» YOUR GOAL:
An exact copy of the records is needed; please leave the images out.
(Beginning of PROVIDED DATA)
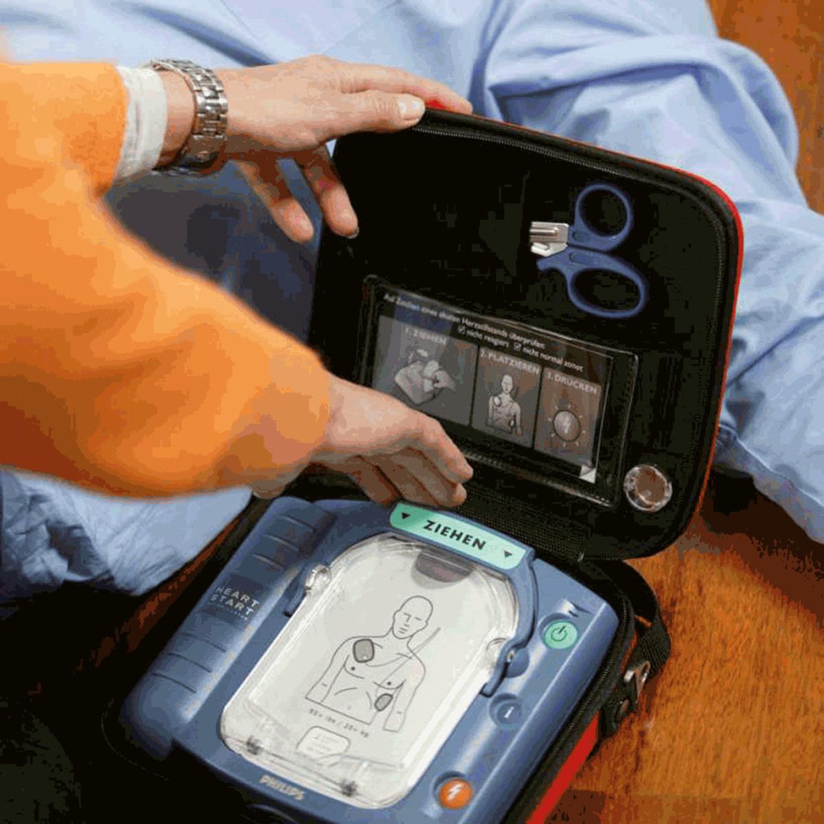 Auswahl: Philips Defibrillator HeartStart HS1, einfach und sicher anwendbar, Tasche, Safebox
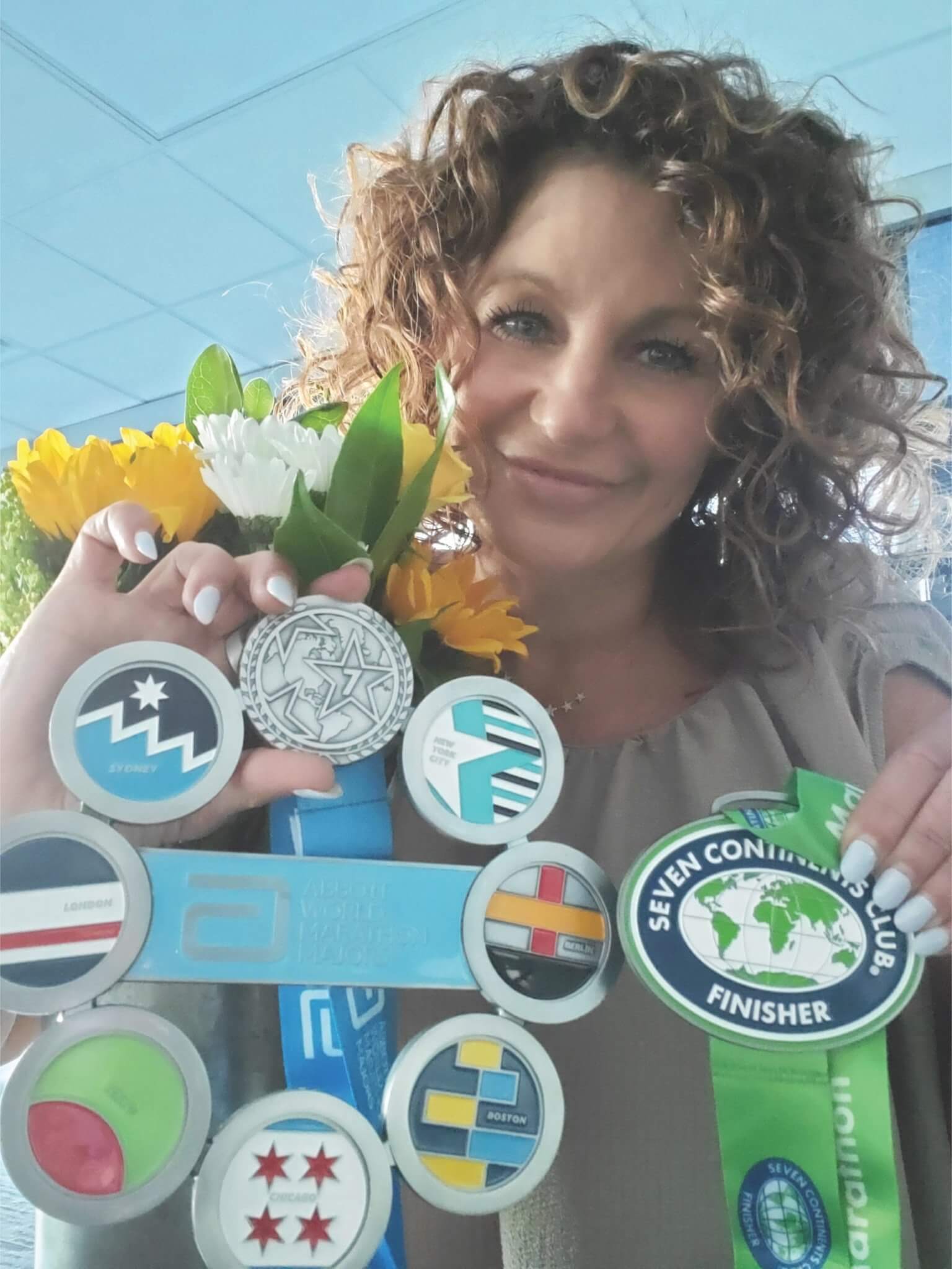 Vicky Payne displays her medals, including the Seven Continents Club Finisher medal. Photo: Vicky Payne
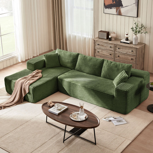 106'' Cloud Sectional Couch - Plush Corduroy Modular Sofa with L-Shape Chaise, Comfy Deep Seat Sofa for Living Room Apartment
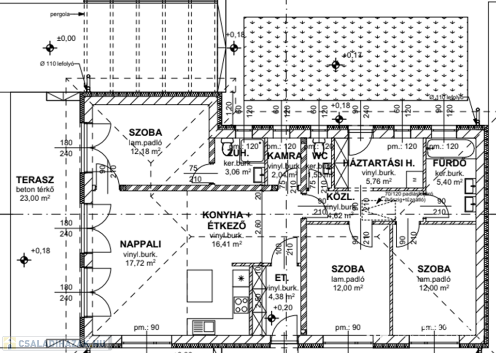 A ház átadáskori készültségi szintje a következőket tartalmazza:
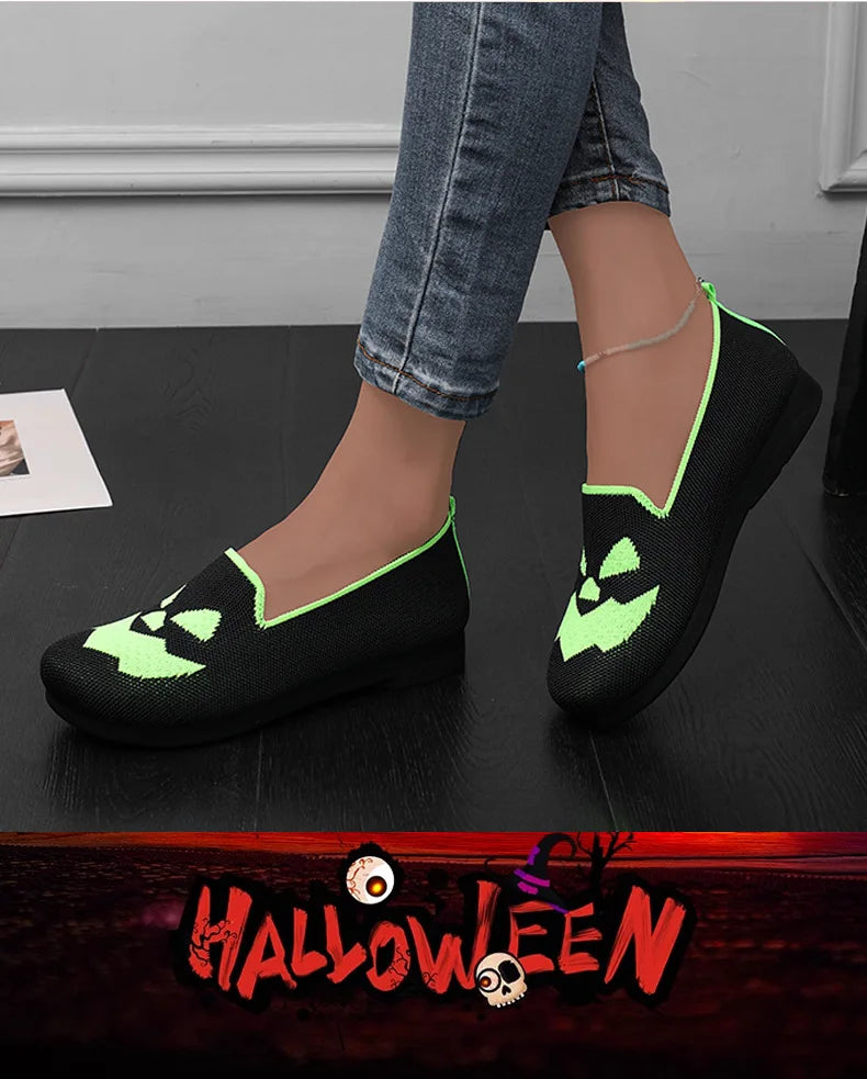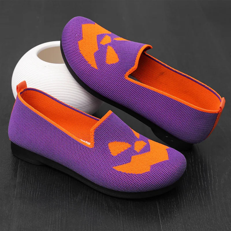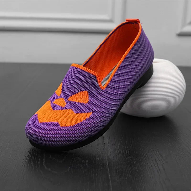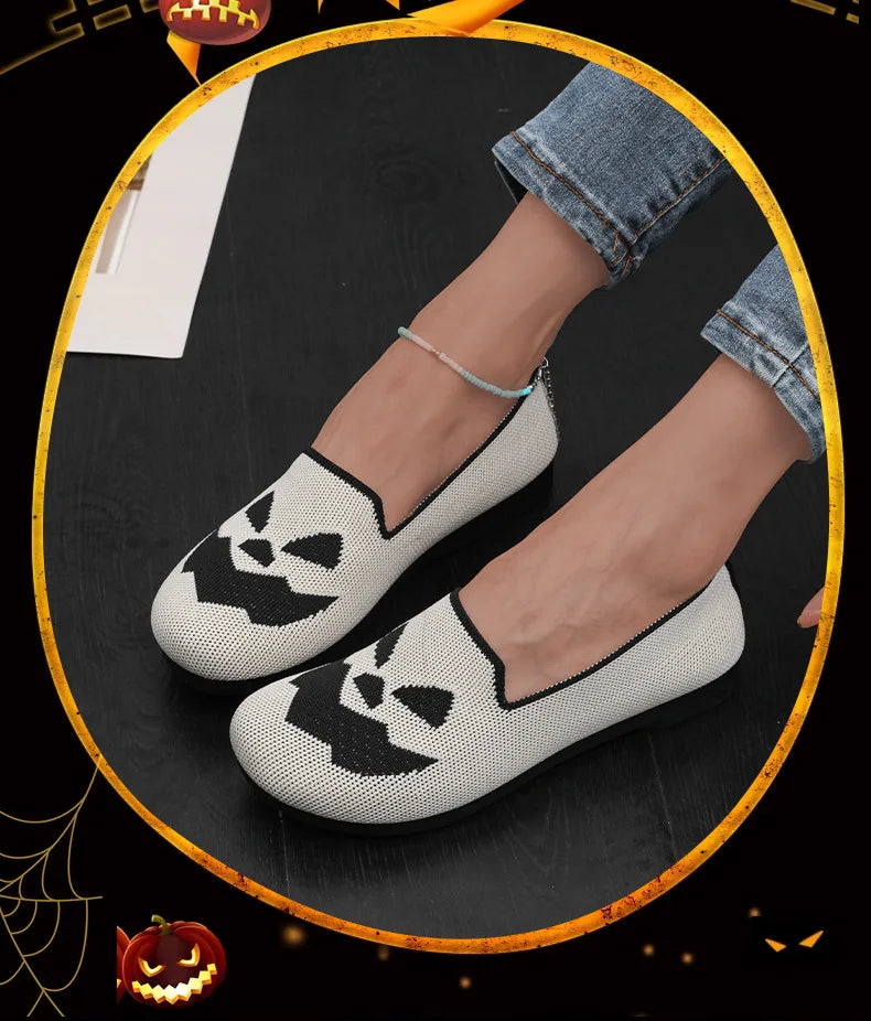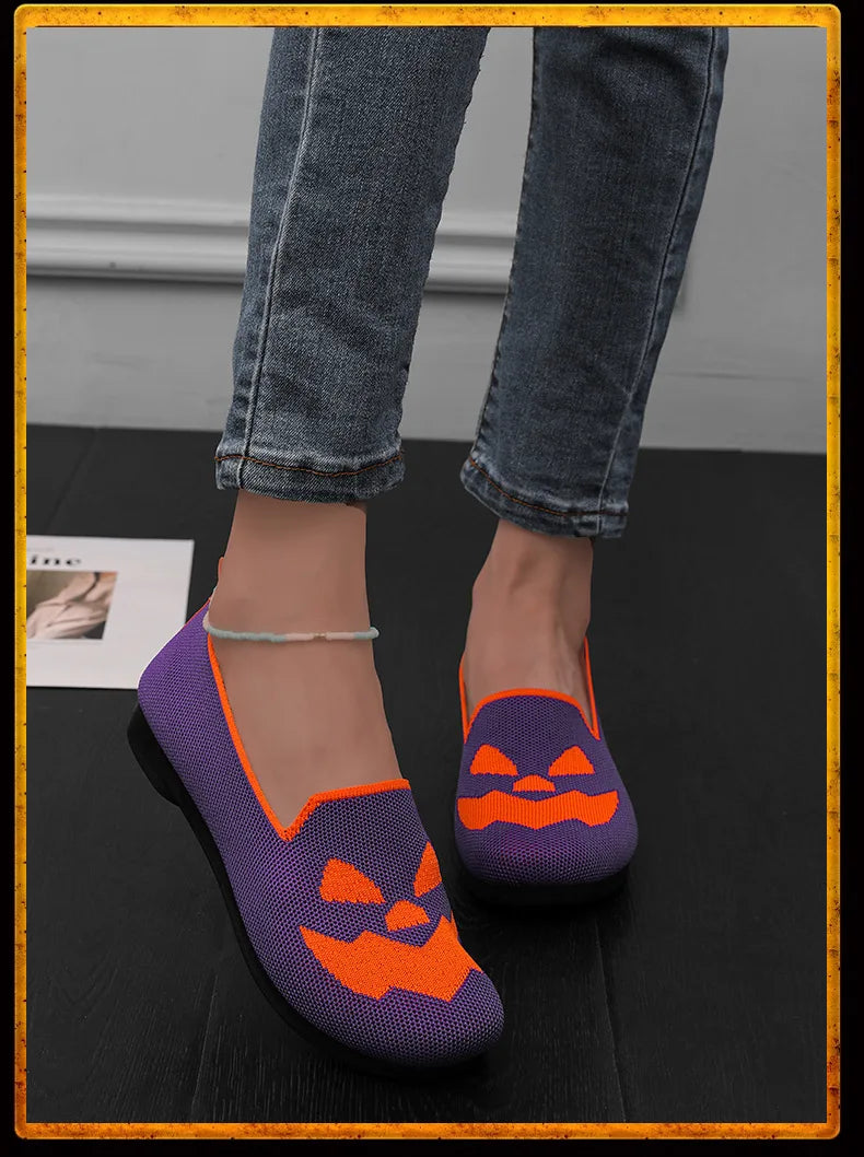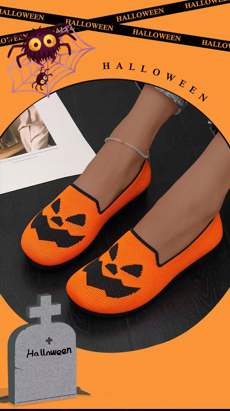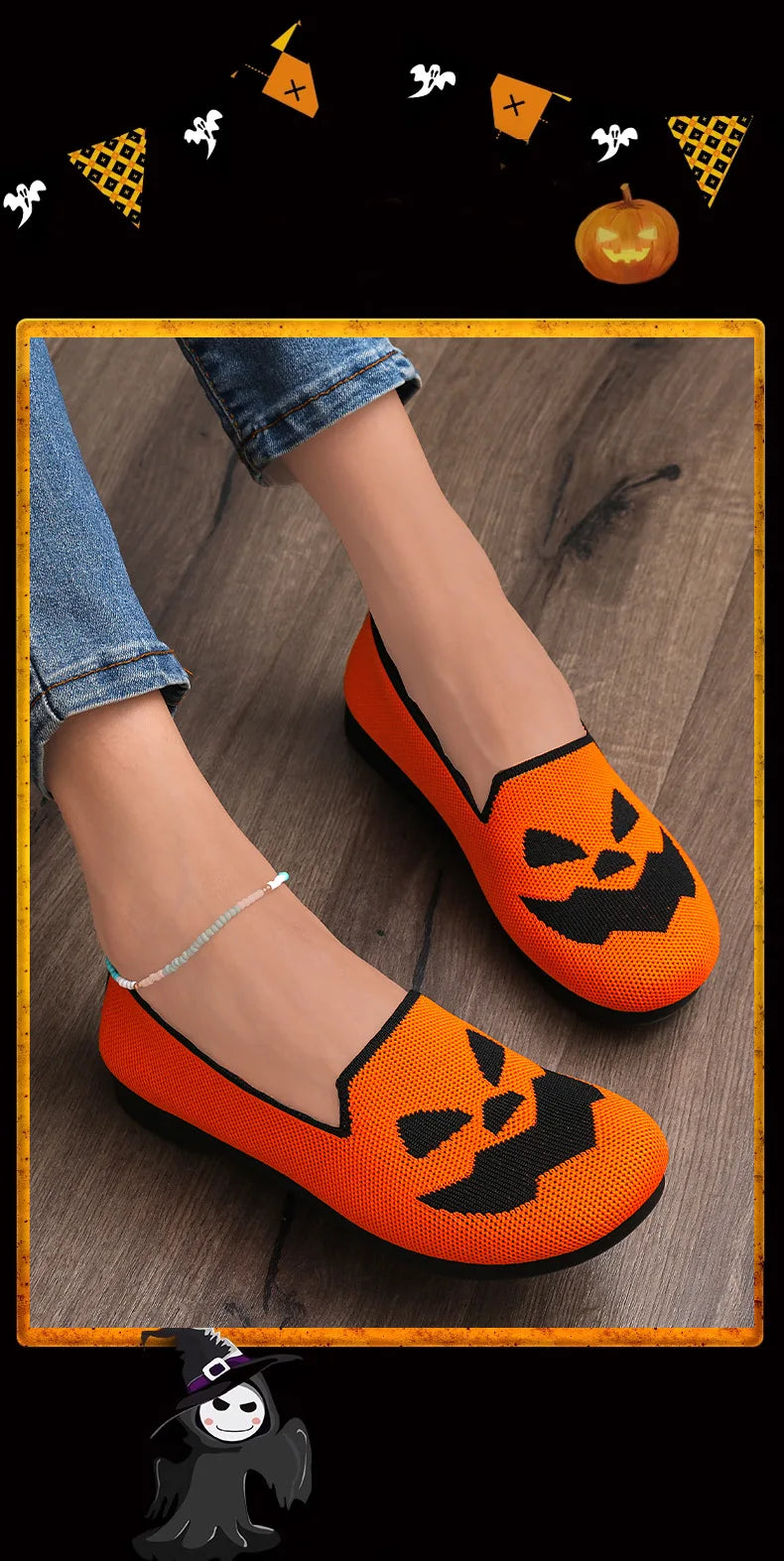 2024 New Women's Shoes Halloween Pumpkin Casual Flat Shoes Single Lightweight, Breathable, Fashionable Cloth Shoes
(End of PROVIDED DATA)
» YOUR RESPONSE:
 Auswahl: Philips Defibrillator HeartStart HS1, einfach und sicher anwendbar, Tasche, Safebox
 Vicky Payne displays her medals, including the Seven Continents Club Finisher medal. Photo: Vicky Payne
 106'' Cloud Sectional Couch - Plush Corduroy Modular Sofa with L-Shape Chaise, Comfy Deep Seat Sofa for Living Room Apartment
 A ház átadáskori készültségi szintje a következőket tartalmazza:
 2024 New Women's Shoes Halloween Pumpkin Casual Flat Shoes Single Lightweight, Breathable, Fashionable Cloth Shoes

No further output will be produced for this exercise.